PT ESSA Industries Indonesia Tbk (ESSA) menunjukkan kinerja operasional yang sangat solid sepanjang semester pertama 2026. Meskipun harus melewati periode scheduled turnaround maintenance pada pabrik amoniak utamanya, perusahaan berhasil membukukan lonjakan kinerja keuangan yang signifikan berkat momentum harga komoditas yang sangat mendukung.
Top-line perusahaan tumbuh meyakinkan dengan revenue mencapai USD 186 juta, naik 36% YoY. Efek operating leverage terlihat jelas pada EBITDA yang melesat 48% YoY menjadi USD 73 juta, sementara net profit melonjak lebih dari dua kali lipat (+103% YoY) ke angka USD 30 juta. Pencapaian ini menegaskan kemampuan manajemen dalam memanfaatkan favorable pricing environment di tengah tantangan operasional temporer.

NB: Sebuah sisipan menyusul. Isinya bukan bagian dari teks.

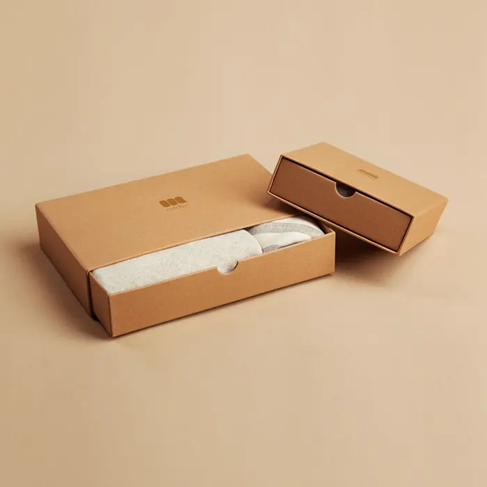 Brown apparel packaging boxes are made from high-quality kraft material, making them a top choice for eco-friendly apparel packaging. These boxes are recyclable and biodegradable, helping brands reduce their environmental footprint.

Pendorong utama pertumbuhan ini adalah segmen amoniak. Realized price amoniak ESSA meroket 70% YoY menjadi USD 531 per metrik ton (MT), didorong oleh ketegangan geopolitik global yang terus membatasi suplai. Kenaikan harga yang masif ini lebih dari cukup untuk mengompensasi penurunan volume produksi akibat berhentinya operasi pabrik sementara waktu. Hasilnya, pendapatan dari segmen amoniak naik 43% YoY menjadi USD 166 juta. Sementara itu, bisnis LPG bergerak stabil dengan kontribusi pendapatan sebesar USD 20 juta, ditopang kenaikan realized price sebesar 5% YoY menjadi USD 639/MT.
Dari sisi operasional, penyelesaian turnaround maintenance yang selesai dalam 34 hari—lebih cepat dari target awal 35-38 hari—menjadi katalis penting. Langkah proaktif ini meminimalkan risiko unplanned shutdown di masa mendatang dan meningkatkan keandalan pabrik untuk paruh kedua tahun ini. Dengan tercapainya zero Lost Time Injury (LTI), efisiensi biaya dan plant reliability pasca-pemeliharaan diharapkan mampu menopang volume produksi yang lebih tinggi di sisa tahun ini.
Melihat ke depan, keberlanjutan kinerja ESSA akan sangat bergantung pada arah pergerakan harga amoniak global. Namun, dengan efisiensi pabrik yang meningkat pasca-pemeliharaan, downside risk terhadap margin dapat diredam melalui struktur biaya operasional yang lebih optimal.